447. Маленький Алфей Меробы

   24 июня 1946

   1. «Возьмите провизии и одежды на несколько дней. Мы  идем к Гиппии, а затем к Гамале и Афеку, потом  мы дойдем до Гергесии и вернемся сюда перед Субботой», — распоряжается Иисус, стоя на пороге дома и рассеянно лаская нескольких детей Капернаума, которые пришли поприветствовать своего великого Друга, как только заходящее солнце перестало смертельно палить и позволило людям покинуть свои дома. И Иисус одним из первых делает это в этом городке, оживающем после удушливого оцепенения жарких часов дня.

   Апостолы не проявляют большого энтузиазма в связи с полученным ими распоряженем. Они смотрят друг на друга, смотрят на безжалостное солнце, прикасаются к стенам дома и чувствуют, что они все еще горячие, своими босыми ступнями они касаются грунта и говорят: «он горячий, как кирпич возле огня…» — подразумевая этой пантомимой, что надо быть сумасшедшим, чтобы выходить в это время…

   Иисус отстраняется от притолоки, к которой Он слегка прислонялся, и говорит: «Кто не захочет пойти, может остаться здесь.

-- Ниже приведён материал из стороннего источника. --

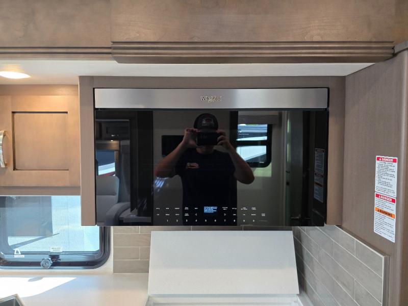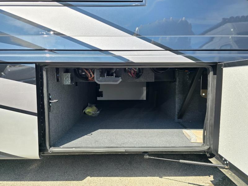 Pack your bags for an extended vacation in this four slide out coach! Once you've parked for the day, you can make lunch in the full kitchen that includes a 30" stainless steel convection microwave with a three burner cooktop and an air fryer feature. There is a 10 cu. ft. Norcold refrigerator and pantry to store your food, plus a booth dinette where you can dine together. A Jackknife sofa provides more seating space, or you may just find yourselves outdoors under the Carefree Travel'r awning. The mid-coach full bath will be easily accessible for everyone to use, and the rear private bedroom provides you with your own space at night. Here, you'll enjoy a queen bed slide out with overhead storage, a dresser with a Samsung LED TV, plus a wardrobe with sliding mirror doors. There is even a second wardrobe with an optional Splendide two-piece stacked washer and dryer if you plan to go full-time!
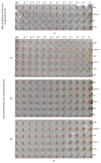 The hemagglutination assay (HA) was performed according to standard procedures. Briefly, two-fold dilutions of the disinfectant-containing medium were incubated with 1% porcine erythrocytes (diluted in PBS) in V-bottom, 96-well plates (NEST, 701211, Wuxi, Jiangsu, China). Plates were incubated for 2 h at 4 °C, after which hemagglutination titer was scored.
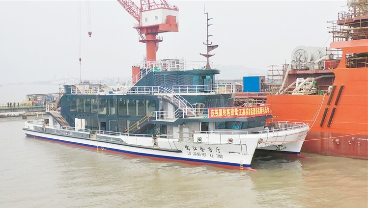 据了解,“鹭江会客厅”总长46.9米,设计水线长45.72米、型宽15米、型深3.4米,设计吃水2.23米,总吨位约980吨,配备2台600千瓦推进电机,兼具观景、商务、餐饮、娱乐等多元功能,能更好地满足高端接待、主题观光等市场需求,预计今年5月交付使用。
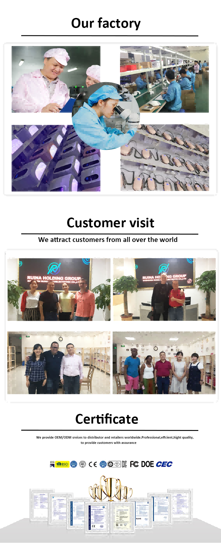نحن نقدم خدمات OEM/ODM للموزعين وتجار التجزئة العالميين. احترافية وفعالة وذات جودة متميزة، نحن نقدم ضمانات موثوقة لعملائنا.
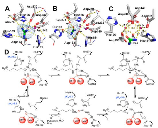 - Salas, M.; Rodríguez, R.; López, N.; Uribe, E.; López, V.; Carvajal, N. Insights into the reaction mechanism of Escherichia coli agmatinase by site-directed mutagenesis and molecular modelling: A critical role for aspartate 153. Eur. J. Biochem. 2002, 269, 5522–5526. [Google Scholar] [CrossRef]
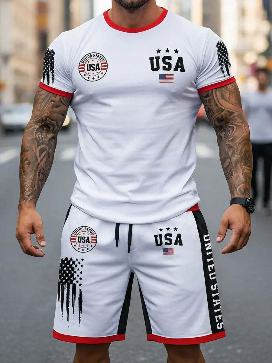 Men's USA Flag T-Shirt and Shorts Sets
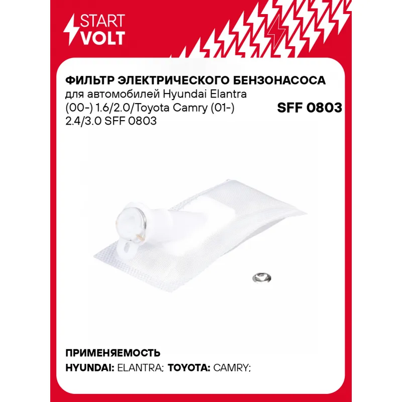 Фильтр электрического бензонасоса для автомобилей Hyundai Elantra (00-) 1.6/2.0/Toyota Camry (01-) 2.4/3.0 Описание: Фильтр (сетка) электрического бензонасоса для автомобилей HYUNDAI ELANTRA, TOYOTA CAMRY.. Сетчатый фильтр – применяется в модулях погружных электробензонасосов автомобильных двигателей с системой впрыска топлива. Предназначен для предварительной очистки топлива от сорных частиц и прочих загрязнений. Эффективная защита топливного насоса и форсунки от засорения. Фильтр грубой очистки состоит из пластикового каркаса с соединительным патрубком и сетчатого материала, натянутого на каркас. Если у вас есть вопросы по применяемости, мы всегда готовы помочь вам с подбором по VIN-НОМЕРУ ВАШЕГО АВТОМОБИЛЯ. Характеристики: Артикул: SFF 0803 OEM номера: 8971632481, 8971632480, MR 134804, MR 124765, MR 134868, 97118512, 1510080C02, 1510080C01, 31112-28100, 31111-37300, 31110-33610, 31111 28300, 31111 37200, 23217-46080, HS110007 Количество на автомобиль: 1 Тип: Сетчатый фильтр Длина, мм: 85 Ширина, мм: 44 Диаметр, мм: 11 Комплектация: Соединительное кольцо - 1 шт Фильтр-сетка - 1 шт Гарантия: от 1 года.
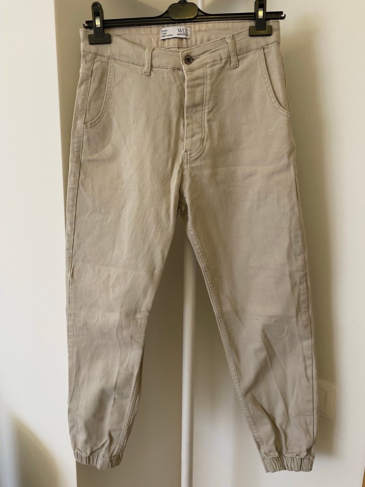 Bej renkli erkek keten pantolon, rahat kesim ve normal boyda. Günlük kullanım için rahat ve şık, sokak stiline uygun.
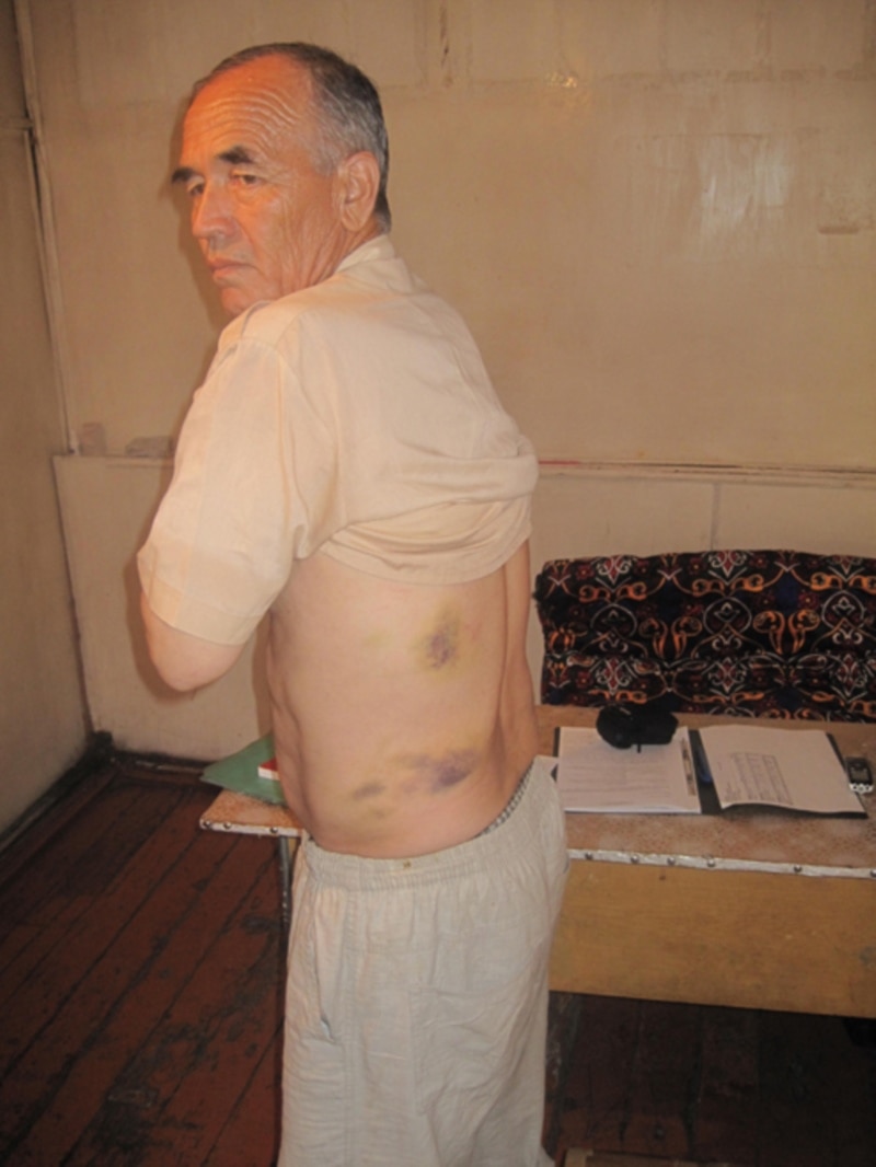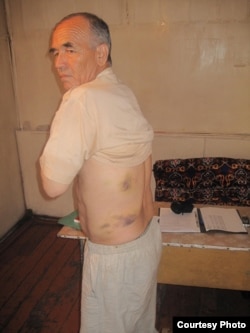 - Мал-жайды карап жүрсөм эшик такылдап калды. Жарандык кийимчен адам "мени тааныйсыңбы" деп сурады. Тааныбаганымды айтсам дароо колума кишен тагып, машинага салып кетти. Жанында эки формачан адам бар экен. Унаада эле желим таяктар менен ургулап киришти, "мойнуңа ал" деп. Ново-Павловканын ГОМуна алып баргандан кийин чечиндирип алып дагы сабашты. Бири кол кап кийип алып желим таяк менен бөйрөгүмө, башыма, таманыма уруп, кыйнашты.
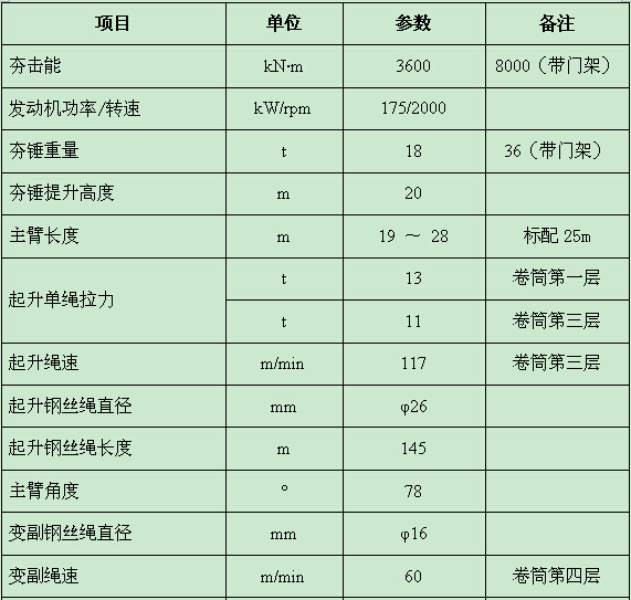 CHUY3600型履带式强夯机的技术参数如表2.1所示。
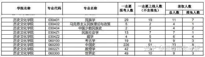 下面是近两年历史文化学院相关专业考研情况汇总:
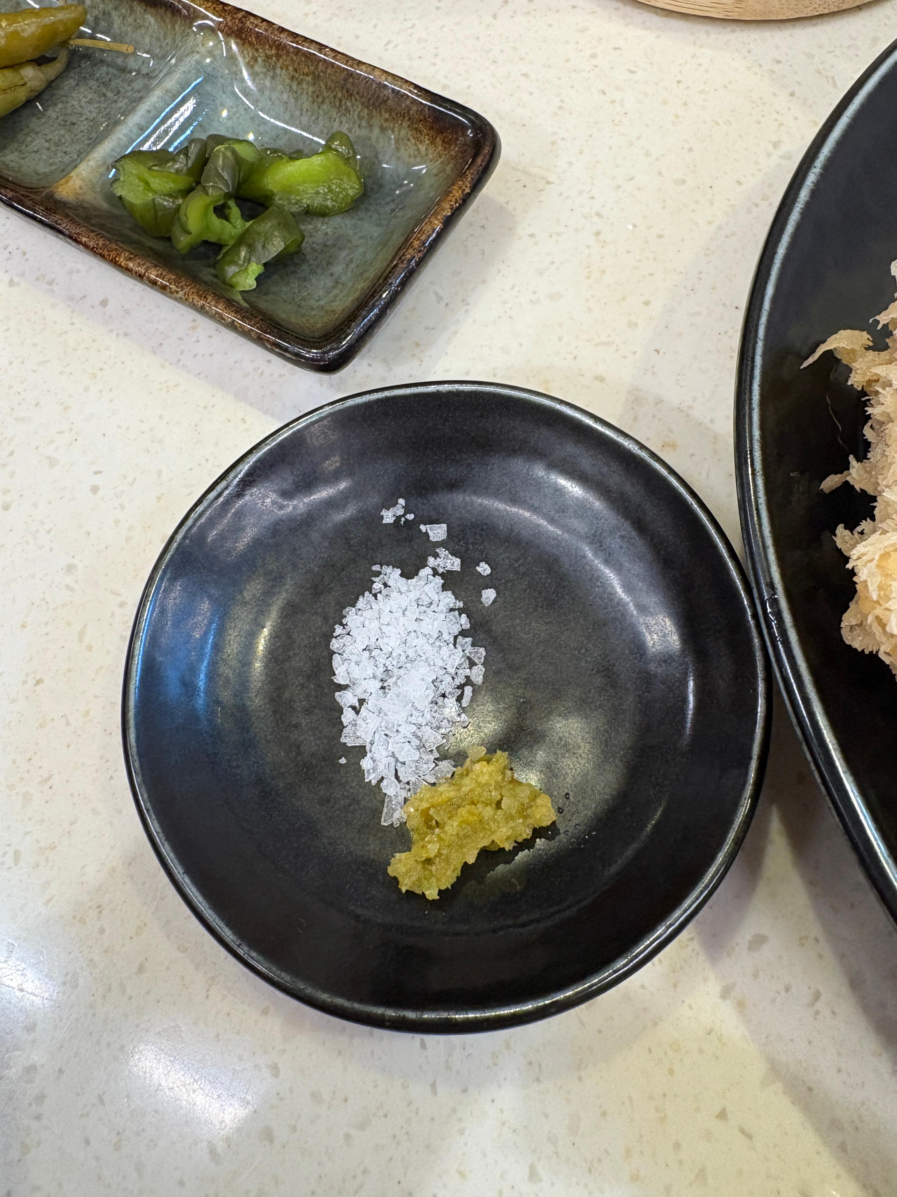 기본적으로 소금과 유즈코쇼가 제공됩니다. 입자가 굵은 소금을 살짝 곁들여서 와사비와 먹고, 약간 매콤한 유즈코쇼와 함께 곁들여서 번갈아가며 먹으면 재밌습니다.
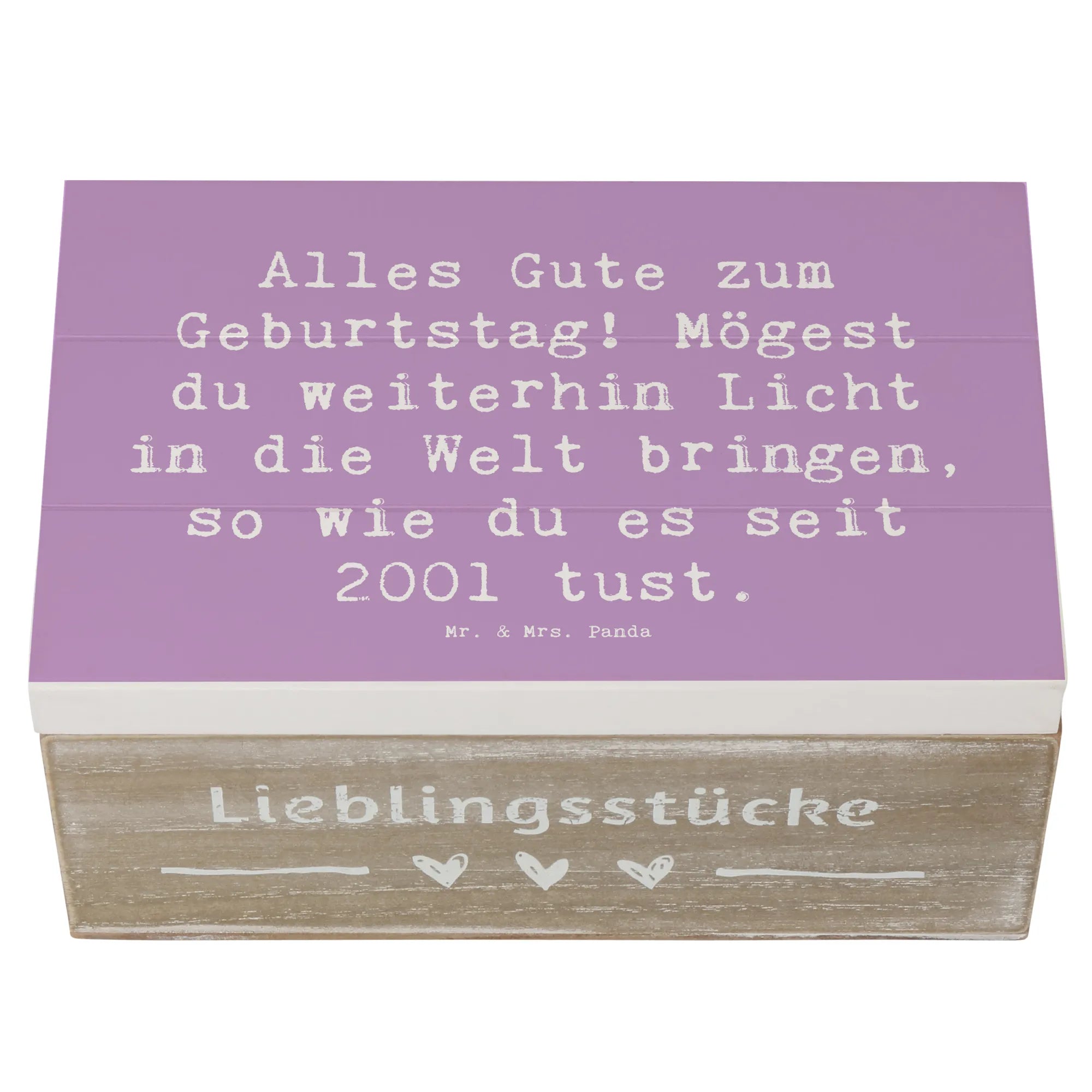 Die Holzkiste 2001 Geburtstag von Mr. & Mrs. Panda ist das perfekte Geschenk für alle, die im Jahr 2001 das Licht der Welt erblickt haben! Sie bietet nicht nur einen stilvollen Aufbewahrungsort von Erinnerungen, sondern bringt auch eine liebevolle Botschaft mit sich. „Alles Gute zum Geburtstag! Mögest du weiterhin Licht in die Welt bringen, so wie du es seit 2001 tust.“

Я никого не принуждаю. Но Я не хочу оставить этот регион без Моего слова».

   «Учитель, не говори так! Мы все пойдем… Только… мы думаем, что было бы еще рано выходить сейчас…»

   «Перед праздником Кущей Я хочу пойти на север, настолько далеко, куда лодки не могут доплыть. Следовательно, мы должны сейчас заняться этим регионом, так как, плавая по озеру, мы можем значительно сократить путь».

   «Ты прав. Я иду готовить лодки…» — и Симон Ионин выходит со своим братом и двумя сыновьями Зеведея и несколькими учениками, чтобы приготовиться к отплытию.

   Иисус остается с Зелотом, Своими двоюродными братьями, Матфеем, Искариотом, Фомой и неразлучными Филиппом и Варфоломеем, которые готовят свои сумки и наполняют фляжки, пакуют хлеб, фрукты, все что необходимо.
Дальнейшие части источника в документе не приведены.